I) De eindafwerking c.q. de Polyfinish toplaag is niet strak afgewerkt, waardoor er ernstig sprake is van een "sinaasappel effect" met betrekking tot de gespoten oppervlakten. Met name op de plaatsen waar sprake is van onvoldoende laagdikte. Een en ander is te wijten aan de gekozen applicatiewijze conform de offerte van 19 september 2011.
Reparatie
Teneinde de hiervoren omschreven gebreken te "repareren" dienen de verschansing, dekken, gangboorden en kajuitopbouw terug geschuurd en opnieuw overgespoten te worden. De kosten hiermee verband houdend begroten wij globaal op € 6.500,- exclusief btw en exclusief boathandling. Dit op basis van de offerte van 19 september 2011.De kosten ten behoeve van boathandling (hellingkosten + stadagen) bedragen € 395,- exclusief BTW.
Totaal reparatie € 6.500,00
Boathandling - 395,00
------------
€ 7.435,00
Btw 21% - 1.561,35
------------
Totaal € 8.996,35"
3) Verschilt de offerte van Flevo voor wat betreft de kwaliteit van het geoffreerde schilderwerk van die van 19 september 2011 en zo ja, op welke wijze?
"Het verschil tussen de kwaliteit van de aanbieding van Flevo Jachtbouw d.d. 12 februari 2013 en de uitgebrachte offerte van 19 september 2011 is geheel afhankelijk van het te bereiken c.q. bereikte eindresultaat. Wel is er bij de aanbieding van Flevo Jachtbouw sprake van het terug schuren van de twee componenten basislaag, waardoor sowieso een gladdere/strakkere eindlaag wordt verkregen. Tevens wordt in de offerte gesproken van drie lagen twee componenten aflak, hetgeen sterk afwijkt van de offerte van 19 september 2011.
Opgemerkt dient hierbij echter te worden dat het opnieuw aanbrengen van een twee componenten basislaag, zoals aangeboden in de offerte van Flevo Jachtbouw d.d. 12 februari 2013, volstrekt overbodig is, daar de huidige door [A] aangebrachte Monopox basislaag volstaat c.q. nagenoeg geen gebreken vertoont. Het defect in de Monopox laag ter plaatse van de deurdorpel kan plaatselijk op relatief eenvoudige wijze bijgewerkt worden (spot-repair)."
4) Wat is de oorzaak van de vervuiling in het schilderwerk en wanneer is deze ontstaan (gedurende de uitvoering van het schilderwerk of nadien)?
De oorzaak van de vervuiling in het verfwerk is gelegen in het feit dat er enerzijds onvoldoende is schoongemaakt en gekleefd en anderzijds mogelijk in een onvoldoende stofvrije ruimte is gewerkt.
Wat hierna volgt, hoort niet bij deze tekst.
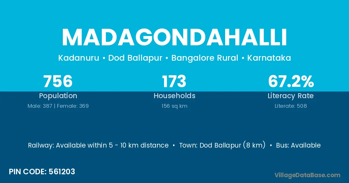 Dod Ballapur (8 km) is the nearest town to Madagondahalli village for major economic activities and is located approximately 8 km away.

De vervuiling en overige onvolkomenheden, zoals door ons tijdens inspecties d.d. 19 februari, 24 februari en 4 maart 2014 geconstateerd, zijn met zekerheid ontstaan tijdens de applicatiewerkzaamheden en niet nadien."
3.4.
In reactie op de toezending van het concept rapport door de deskundige heeft (de gemachtigde van) [G], naar aanleiding van het antwoord van de deskundige op vraag 2 sub F) (de afwerking van het horizontale vlak ter plaatse van het bolderplateau aan stuurboord), opgemerkt dat het plaatselijk bijwerken globaal een half jaar na oplevering heeft plaatsgevonden omdat er gebruiksschades waren ontstaan aan het vaartuig, waarbij er in overleg met Sinoz toen voor is gekozen om deze schades bij te werken met de kwast. De deskundige heeft daarop als volgt gereageerd:
"Tijdens onze gezamenlijke inspectie d.d. 19 februari jl. te Alkmaar is de staat van het schilderwerk van het bolderplateau uitgebreid aan de orde geweest. Dat het plaatselijk bijwerken een half jaar na oplevering heeft plaatsgevonden, is destijds niet door uw, tijdens inspectie aanwezige, cliënt gemeld. Feitelijk is dit ook niet relevant. Het gaat immers om de kwaliteit en de afwerking van het verfwerk. Het was destijds uw cliënt die nota bene zelf meldde dat het verfwerk van het bolderplateau ver onder de maat was en zich hier min of meer voor schaamde. Of deze afwerkingslaag nu tijdens de algehele applicatie of een half jaar nadien door uw cliënt is aangebracht, is van ondergeschikt belang."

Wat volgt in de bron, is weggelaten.